Dal nostro inviato GILBERTO SCALABRINI

Foligno, 12 settembre 2021 – E’ tornata la giostra della Rivincita dopo 36 giorni di attesa dalla Sfida del 7 agosto. Ha vinto ancora il “cannibale” e il suo palmares sale così a dieci vittorie e sette per il suo cavallo Guitto . E’ record storico per questo bimomio che ormai tutti definiscono “fantastico”. E lo è stato davvero se si considerano i tempi impiegati nelle tre tornate sono stati di  52.82 nella prima,53.69 nella seconda e 54.64 nella terza. In pratica Guitto ha  galoppato  a 16 metri al secondo.

Luca Innocenzi subito dopo la vittoria incorona con l’alloro il suo cavallo Guitto

Purtroppo, non è mancato pure un incidente:  Massimo Gubbini dello Spada, in sella a  City Hunter, dopo due tornate , peraltro una più bella dell’altra, si è dovuto ritirare per una zoppia del cavallo all’arto anteriore destro.  Dopo aver infilato il secondo anello,  nella curva lato box della palestra, il cavallo ha preso una buca, si è inciampato, il cavaliere ha evitato di finire nella polvere richiamandolo con le redini, ma subito dopo ha dovuto frenare la corsa e scendere di sella.

Il saluto dei cavalieri di giostra alla giuria di gara e al pubblico

Con generosità City  Hunter si è portato anche sull’ultima diagonale ma appoggiando male l’anteriore destro e facendo sbagliare al cavaliere il terzo anello il terzo ed ultimo anello, Massino ha capito subito che l’animale aveva subito un forte trauma. Si è ritirato. Non sappiamo quali siano le condizioni del cavallo che è uscito dal campo con una zoppia piuttosto evidente.

Oggi si è esibita la campo cobn l’innbo di Mameli la fanfara della cavalleria dell’Esrcito di Pozzuolo del Friuli

Nella prima tornata, sono usciti di scena in tre: Daniele Scarponi del Giotti,Mattiua Zannori de La Mora e Michelangelo Fondi del Pugilli. Daniele Scarponi dopo aver infilato il primo anello nel secondo secondo cerchietto  ha avuto la sfortuna che quest’ultimo si avvitasse sulla punta della lancia e schizzasse via. Stessa sorto per l’anello non infilato del rione Pugilli, mentre La Mora non solo ha sbagliato l’anello ma ha pure abbattuto una bandierina.

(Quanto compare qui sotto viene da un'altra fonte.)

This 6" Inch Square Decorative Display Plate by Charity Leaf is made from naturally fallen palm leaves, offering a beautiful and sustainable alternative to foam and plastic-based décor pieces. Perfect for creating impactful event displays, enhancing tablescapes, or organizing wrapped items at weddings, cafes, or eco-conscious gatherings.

Il Presidente dell’Ente Quiuntana, Domenico Metelli, mentre sfila all’interno del campo de li giochi

Bella prova per Lorenzo Melosso, il più giovane die cavalieri, venti anni, portacolori del rione Badia che ha fermato il cronometro a 55.34 nella prima tornata, 55.13 nella seconda. Nella terza prova si è dimostrato più grintoso in sella Spigel Blu ma ha fallito il secondo anello. Lorenzo ha spinto molto ma gli è andata male. La dea bendata ha voltato le spalle anche a Lorenzo Paci, 43 anni, portacolori del rione Croce Bianca: dopo due tornate, una più bella dell’altra, in finalissima ha sbagliato il terzo anello.

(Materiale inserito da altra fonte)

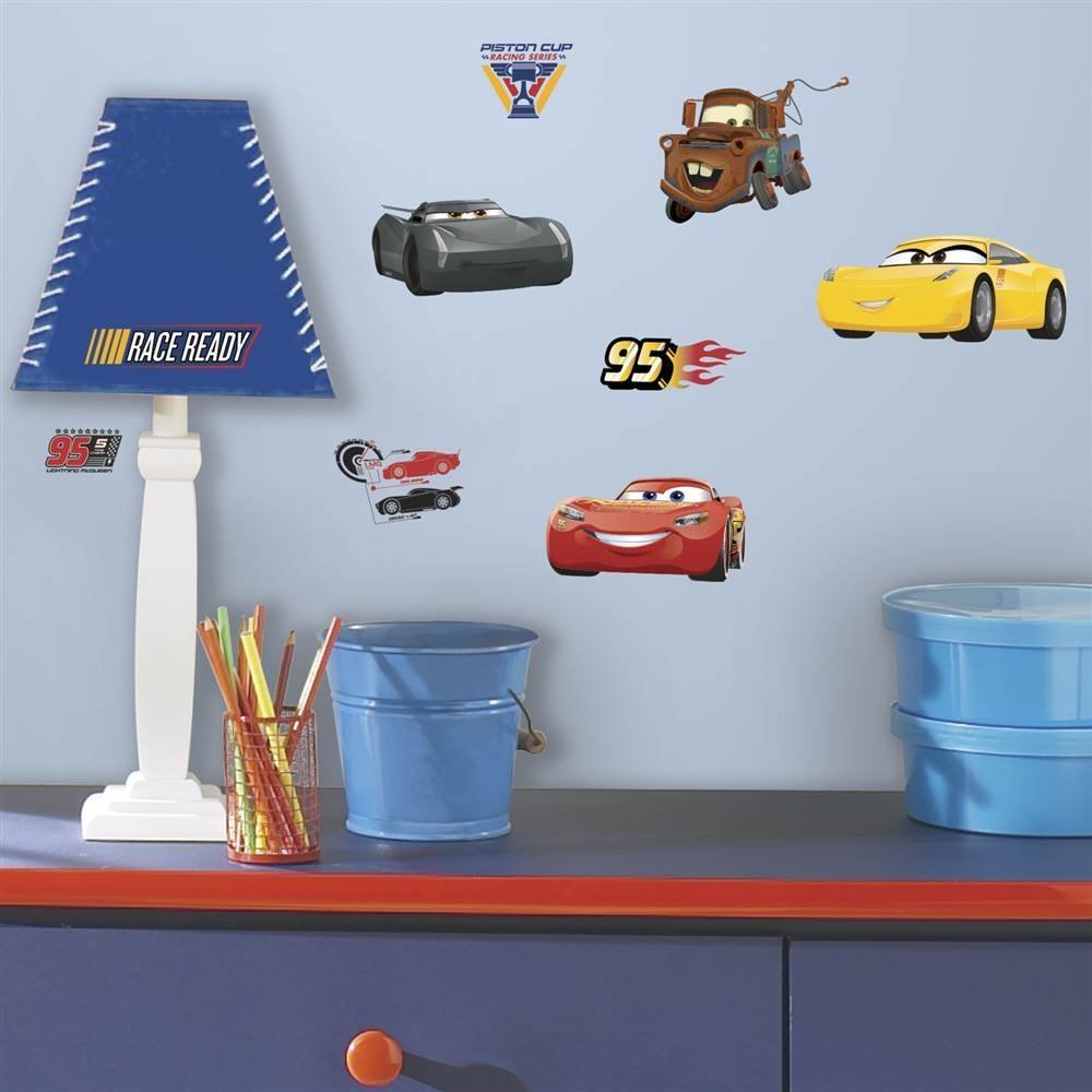 Product Description Get ready for a speedy room transformation with Disney Pixar cars 3 peel and stick wall Decals by RoomMates decor. Complete with 15 wall Decals, spread this decorative theme throughout an entire room in seconds. The application process is fast and easy. Simply peel and stick Decals to any smooth, flat surface. Remove, reposition, and reuse as often as needed while keeping walls and Decals completely safe. Recreate this look in your room today with RoomMates. From the Manufacturer Since 2006, RoomMates, the world’s largest manufacturer of peel and stick decorative products, has enabled consumers across the globe to transform their walls and other room accessories quickly, effortlessly and affordably. RoomMates offers the largest, most varied (and we like to think “coolest”) selection of Wall Decals and Peel & Stick Wallpapers that install, reposition and remove in seconds without ever leaving any sticky residue or damage to the surface. Our Peel & Stick StickTiles™ enable you to create a backsplash in minutes giving you the opportunity for a fun, fast, easy and always great-looking room/accessory make-over. Just Peel, Stick… Done! Turn an ordinary space, furniture or accessory into anything but ordinary with RoomMates.

La madrina americana Eleonora Pieroni

Preciso sugli anelli Alessandro Candelori del Morlupo, ha dovuto faticare non poco per mettere a regime il galoppo di  Lo Zingaro, che gli ha sempre reso macchinosa l’azione, ma è riuscito a finire le tre tornate. Anche Pierluigi Chicchini del Contrastanga ha faticato molto nelle curve per imboccare la diagonale e carpire gli anelli del dio Marte. Più volte ha incitato il cavallo con la voce.